▶ **Aim of the exercise**:
For this task, extract exactly the lines of the data below, from the line containing "Mastercraft 16″ scroll saw" through the last one, with pictures left out.

━━ Task data

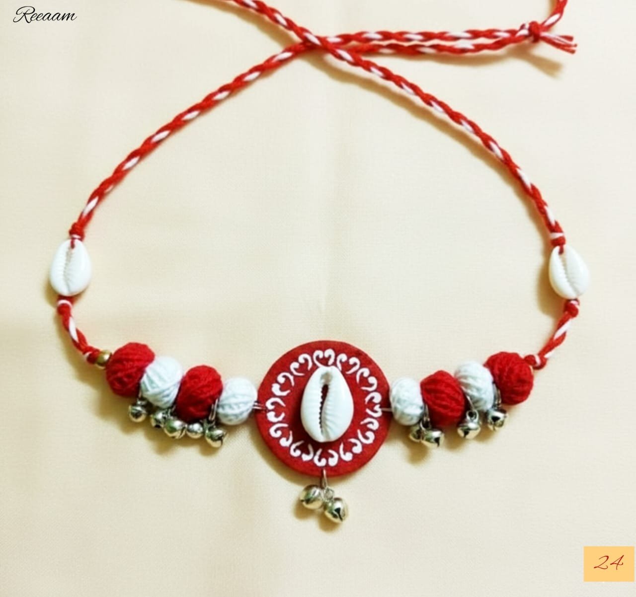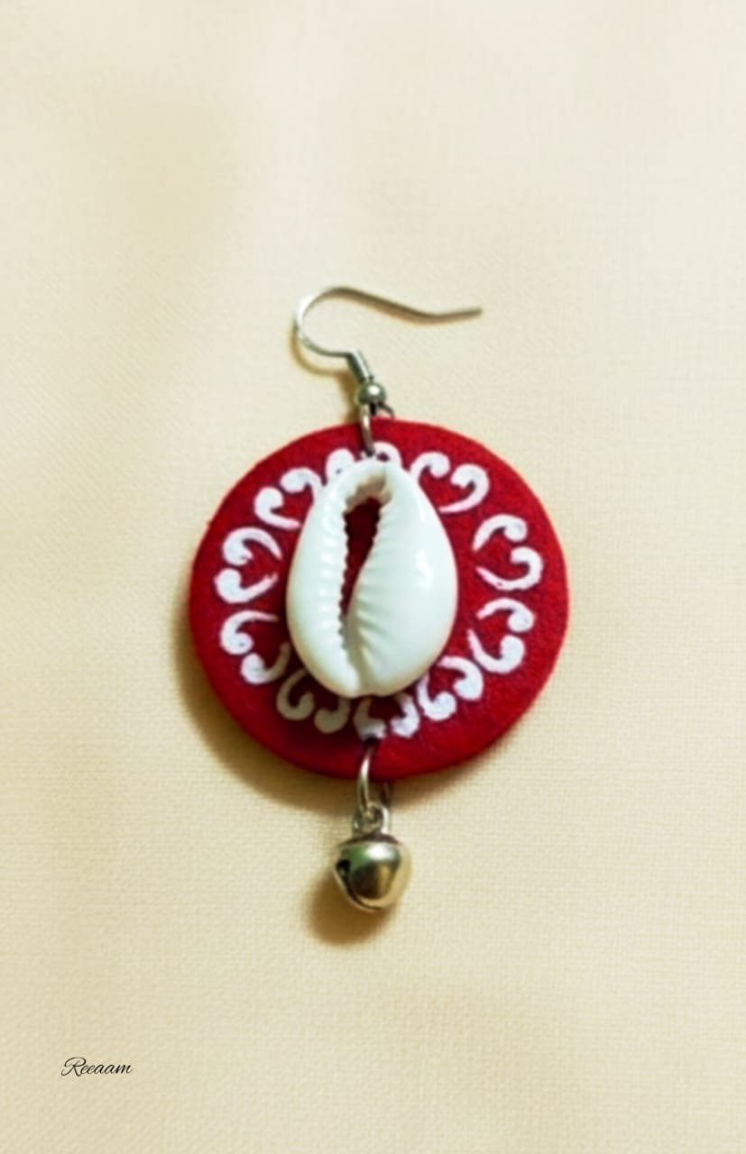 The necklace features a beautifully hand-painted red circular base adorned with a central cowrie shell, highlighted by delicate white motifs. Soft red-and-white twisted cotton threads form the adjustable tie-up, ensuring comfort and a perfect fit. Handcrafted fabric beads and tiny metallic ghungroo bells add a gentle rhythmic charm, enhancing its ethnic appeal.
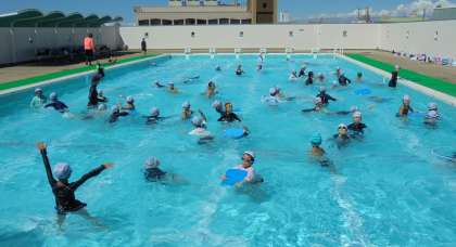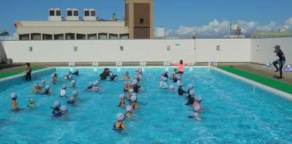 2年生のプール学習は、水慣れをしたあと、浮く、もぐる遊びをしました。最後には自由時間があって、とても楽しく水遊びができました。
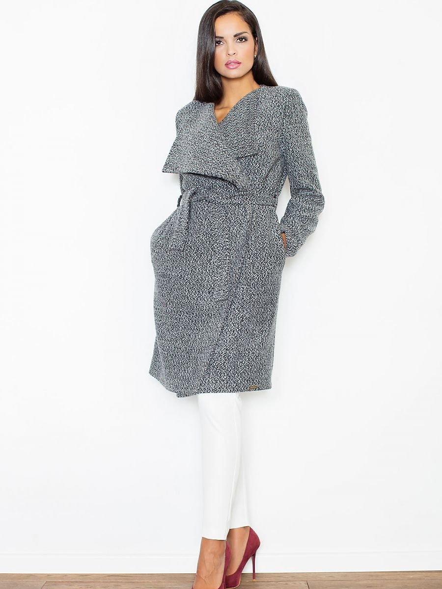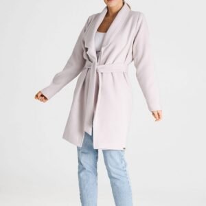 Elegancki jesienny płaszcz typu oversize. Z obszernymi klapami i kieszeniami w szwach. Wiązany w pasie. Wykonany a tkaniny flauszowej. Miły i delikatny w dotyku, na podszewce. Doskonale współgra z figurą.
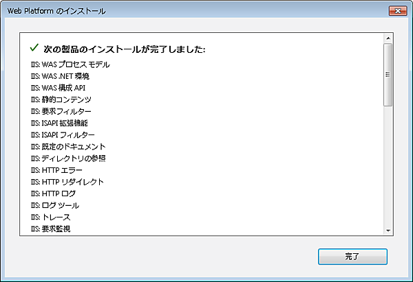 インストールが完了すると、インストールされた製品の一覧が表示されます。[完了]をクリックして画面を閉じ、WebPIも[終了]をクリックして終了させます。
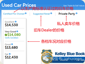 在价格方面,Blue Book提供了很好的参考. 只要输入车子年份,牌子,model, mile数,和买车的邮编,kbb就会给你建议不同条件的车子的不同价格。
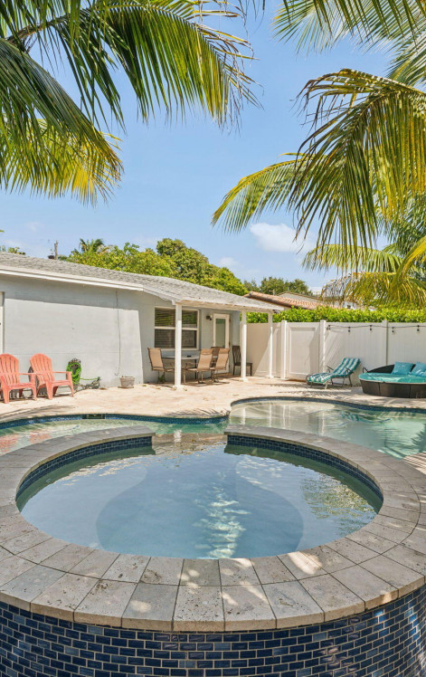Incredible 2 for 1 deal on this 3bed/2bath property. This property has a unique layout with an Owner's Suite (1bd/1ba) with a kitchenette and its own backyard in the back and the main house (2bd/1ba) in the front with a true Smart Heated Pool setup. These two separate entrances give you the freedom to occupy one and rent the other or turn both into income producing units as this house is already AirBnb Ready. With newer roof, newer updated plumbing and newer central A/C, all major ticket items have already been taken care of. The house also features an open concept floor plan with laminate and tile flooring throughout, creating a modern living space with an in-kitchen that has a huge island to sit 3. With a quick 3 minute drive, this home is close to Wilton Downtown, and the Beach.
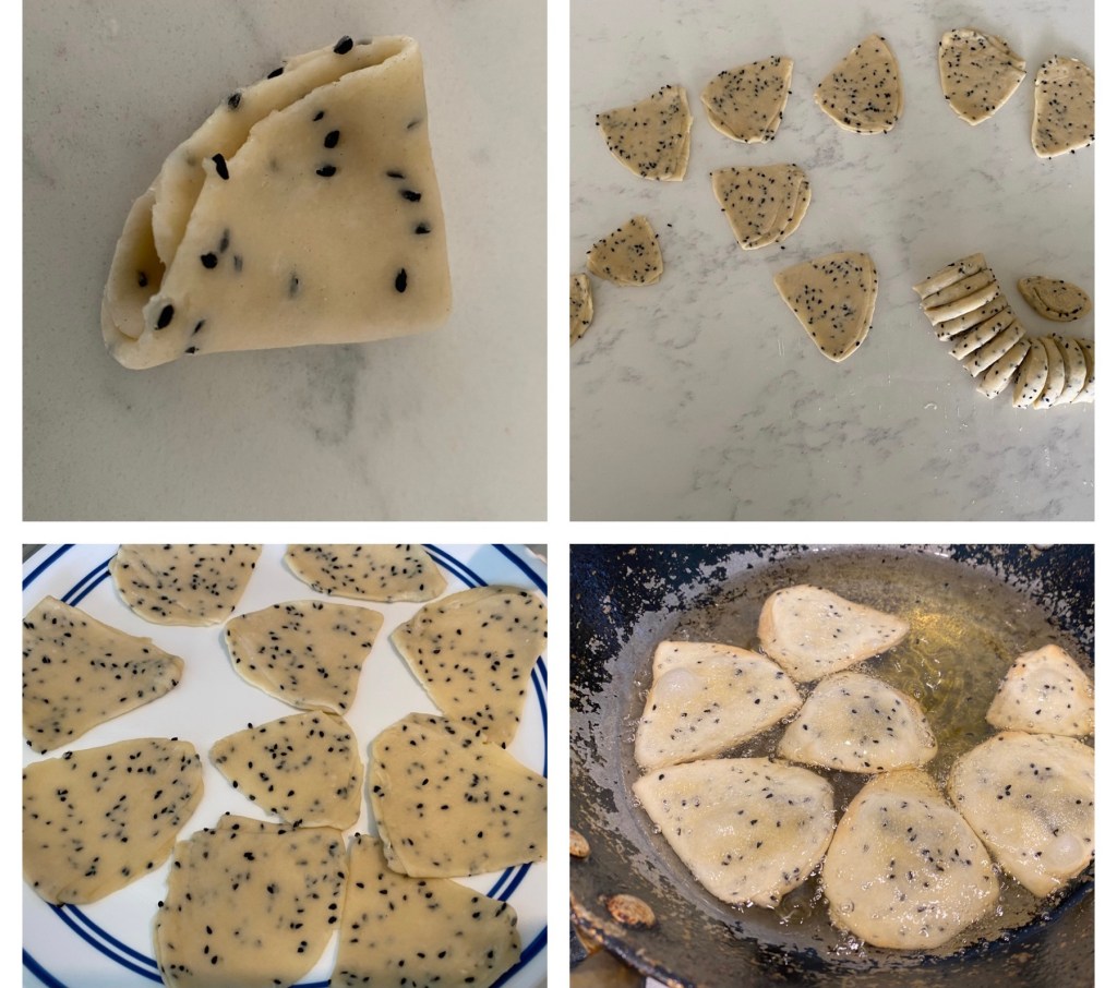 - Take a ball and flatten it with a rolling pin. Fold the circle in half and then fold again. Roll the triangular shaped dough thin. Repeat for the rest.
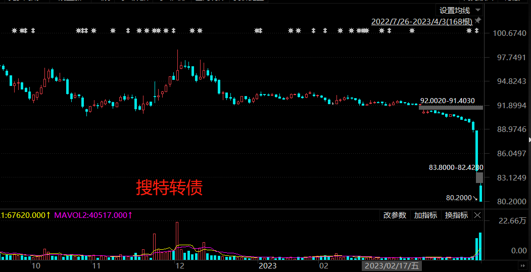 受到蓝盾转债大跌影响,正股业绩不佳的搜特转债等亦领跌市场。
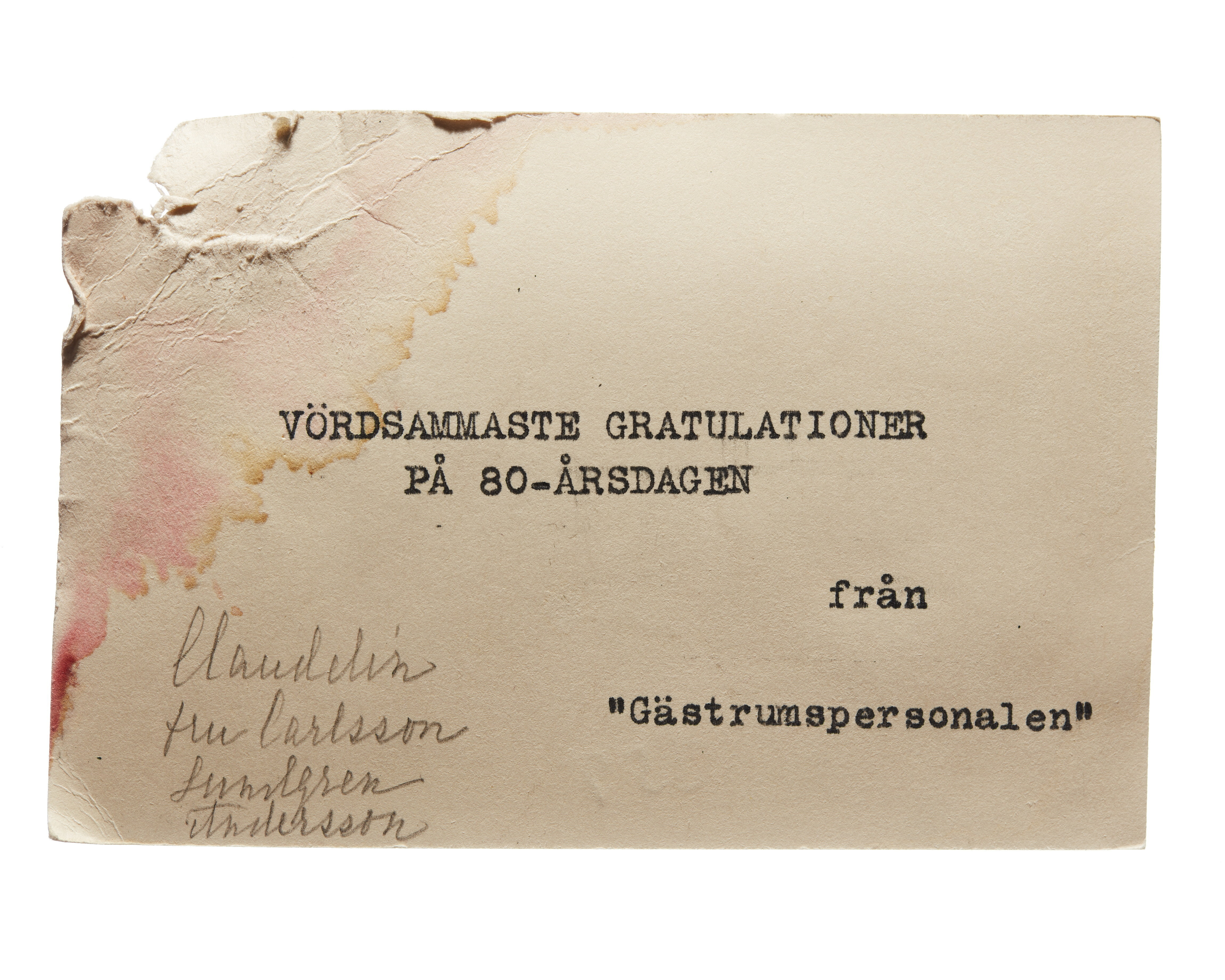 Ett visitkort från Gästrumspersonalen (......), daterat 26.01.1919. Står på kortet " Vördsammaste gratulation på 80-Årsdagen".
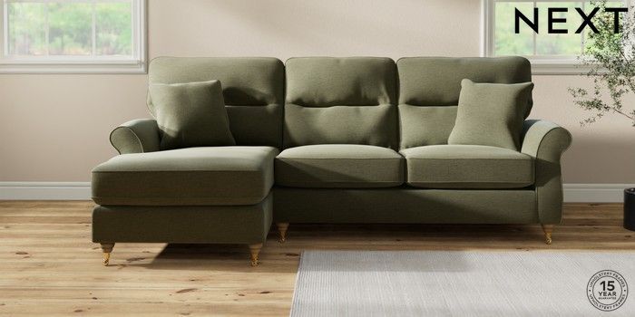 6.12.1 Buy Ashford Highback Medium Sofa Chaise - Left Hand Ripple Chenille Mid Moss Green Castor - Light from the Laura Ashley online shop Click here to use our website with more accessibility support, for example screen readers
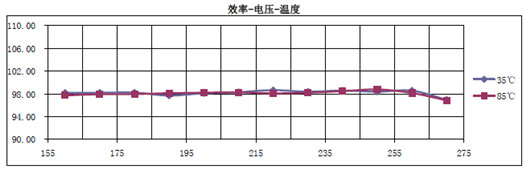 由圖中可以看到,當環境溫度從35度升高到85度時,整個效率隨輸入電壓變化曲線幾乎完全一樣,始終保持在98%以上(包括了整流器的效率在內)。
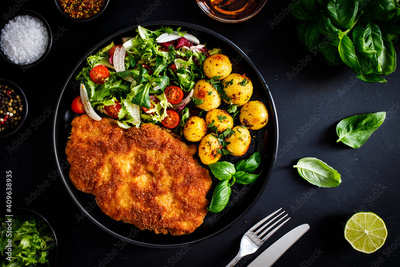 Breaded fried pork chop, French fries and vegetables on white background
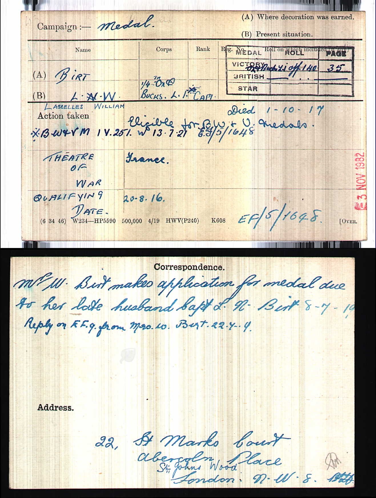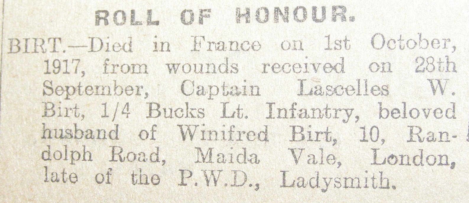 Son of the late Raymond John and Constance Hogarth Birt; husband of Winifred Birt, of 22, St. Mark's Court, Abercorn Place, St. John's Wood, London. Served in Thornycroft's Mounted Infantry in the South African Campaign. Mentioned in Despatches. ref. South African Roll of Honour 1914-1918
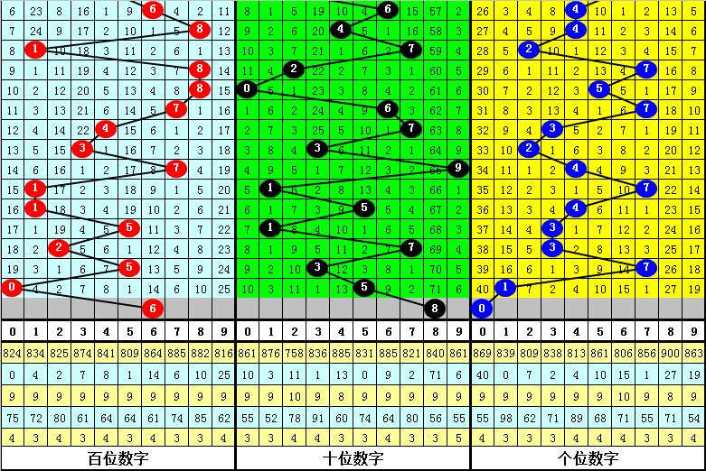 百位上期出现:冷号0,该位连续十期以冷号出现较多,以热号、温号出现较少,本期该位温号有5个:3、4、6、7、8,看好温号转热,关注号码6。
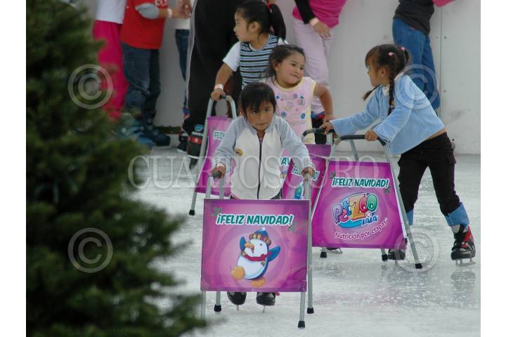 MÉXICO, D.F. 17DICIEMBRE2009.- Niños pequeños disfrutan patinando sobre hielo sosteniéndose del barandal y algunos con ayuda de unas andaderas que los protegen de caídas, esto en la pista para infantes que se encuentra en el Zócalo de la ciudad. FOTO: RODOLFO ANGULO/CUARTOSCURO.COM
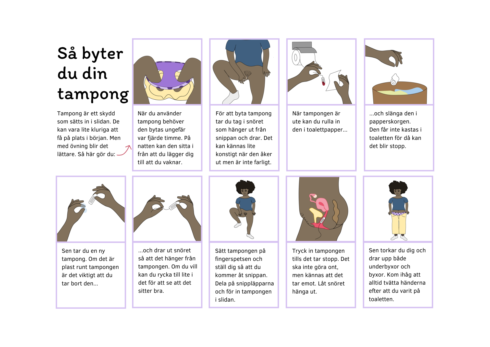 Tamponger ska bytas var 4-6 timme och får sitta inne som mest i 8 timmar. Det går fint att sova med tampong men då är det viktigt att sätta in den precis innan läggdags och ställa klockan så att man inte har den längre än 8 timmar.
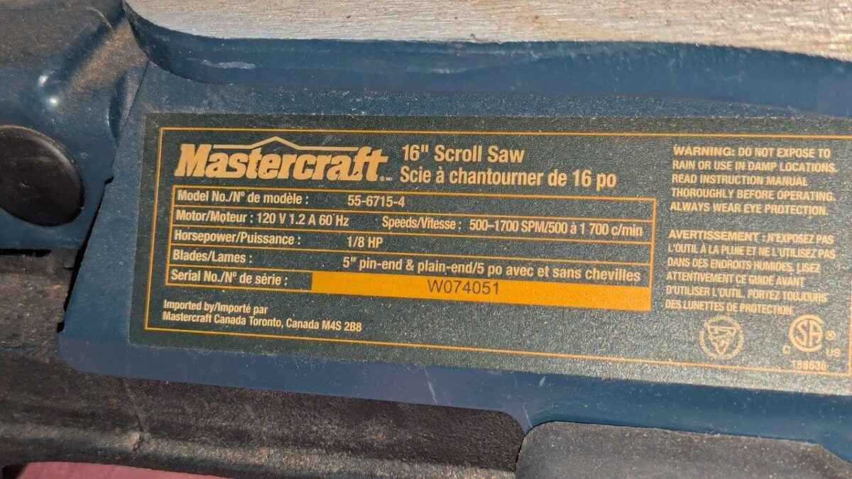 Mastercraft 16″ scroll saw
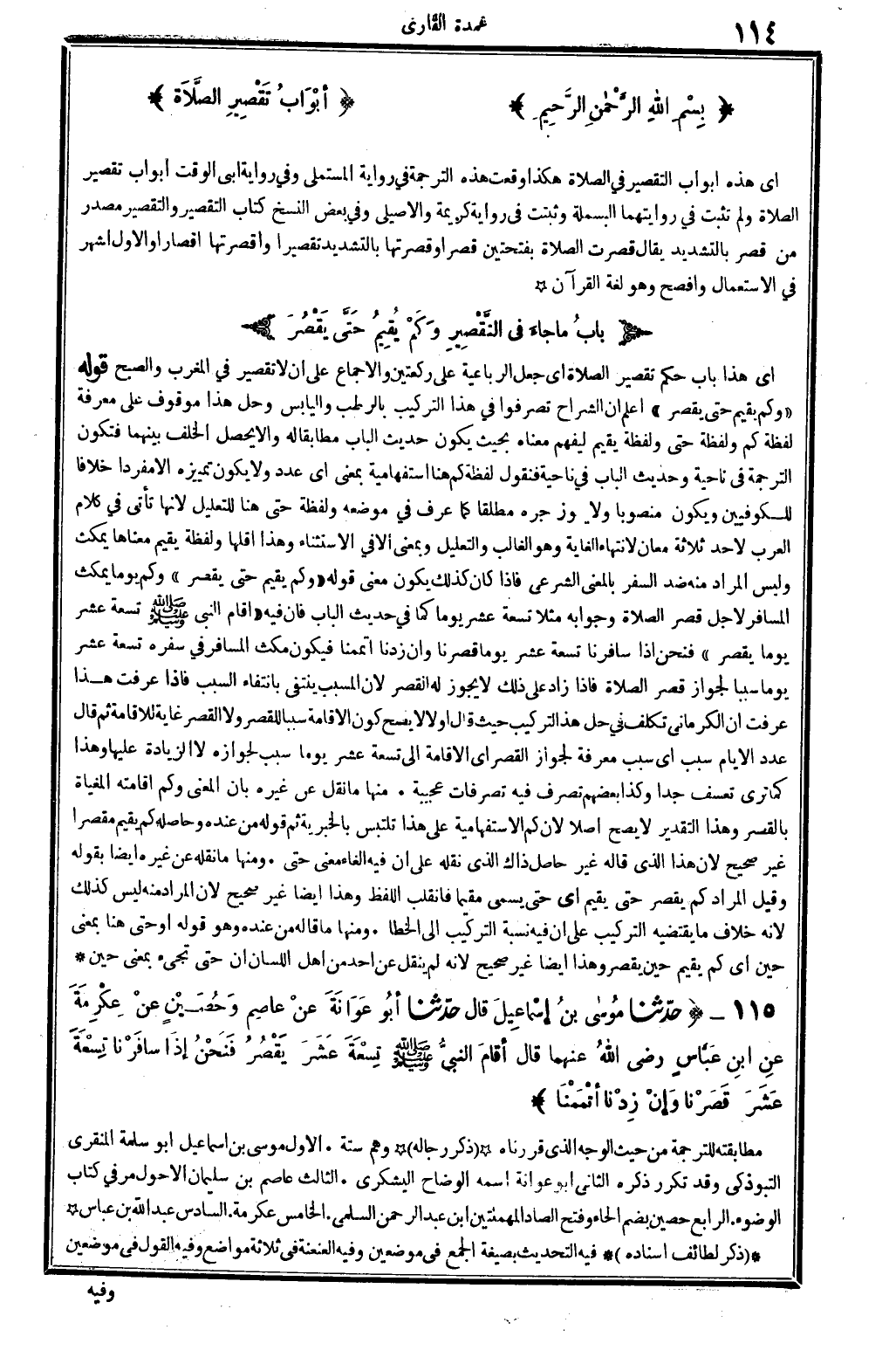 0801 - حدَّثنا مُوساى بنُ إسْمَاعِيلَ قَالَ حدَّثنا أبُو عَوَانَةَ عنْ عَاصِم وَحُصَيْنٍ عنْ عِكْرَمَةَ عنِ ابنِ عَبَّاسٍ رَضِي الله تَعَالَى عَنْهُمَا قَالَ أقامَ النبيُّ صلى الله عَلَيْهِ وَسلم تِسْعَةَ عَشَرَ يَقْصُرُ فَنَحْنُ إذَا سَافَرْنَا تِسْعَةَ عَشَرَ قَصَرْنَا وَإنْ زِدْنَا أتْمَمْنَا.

━━━━

▶ **Solution to the exercise**:
 Mastercraft 16″ scroll saw
 0801 - حدَّثنا مُوساى بنُ إسْمَاعِيلَ قَالَ حدَّثنا أبُو عَوَانَةَ عنْ عَاصِم وَحُصَيْنٍ عنْ عِكْرَمَةَ عنِ ابنِ عَبَّاسٍ رَضِي الله تَعَالَى عَنْهُمَا قَالَ أقامَ النبيُّ صلى الله عَلَيْهِ وَسلم تِسْعَةَ عَشَرَ يَقْصُرُ فَنَحْنُ إذَا سَافَرْنَا تِسْعَةَ عَشَرَ قَصَرْنَا وَإنْ زِدْنَا أتْمَمْنَا.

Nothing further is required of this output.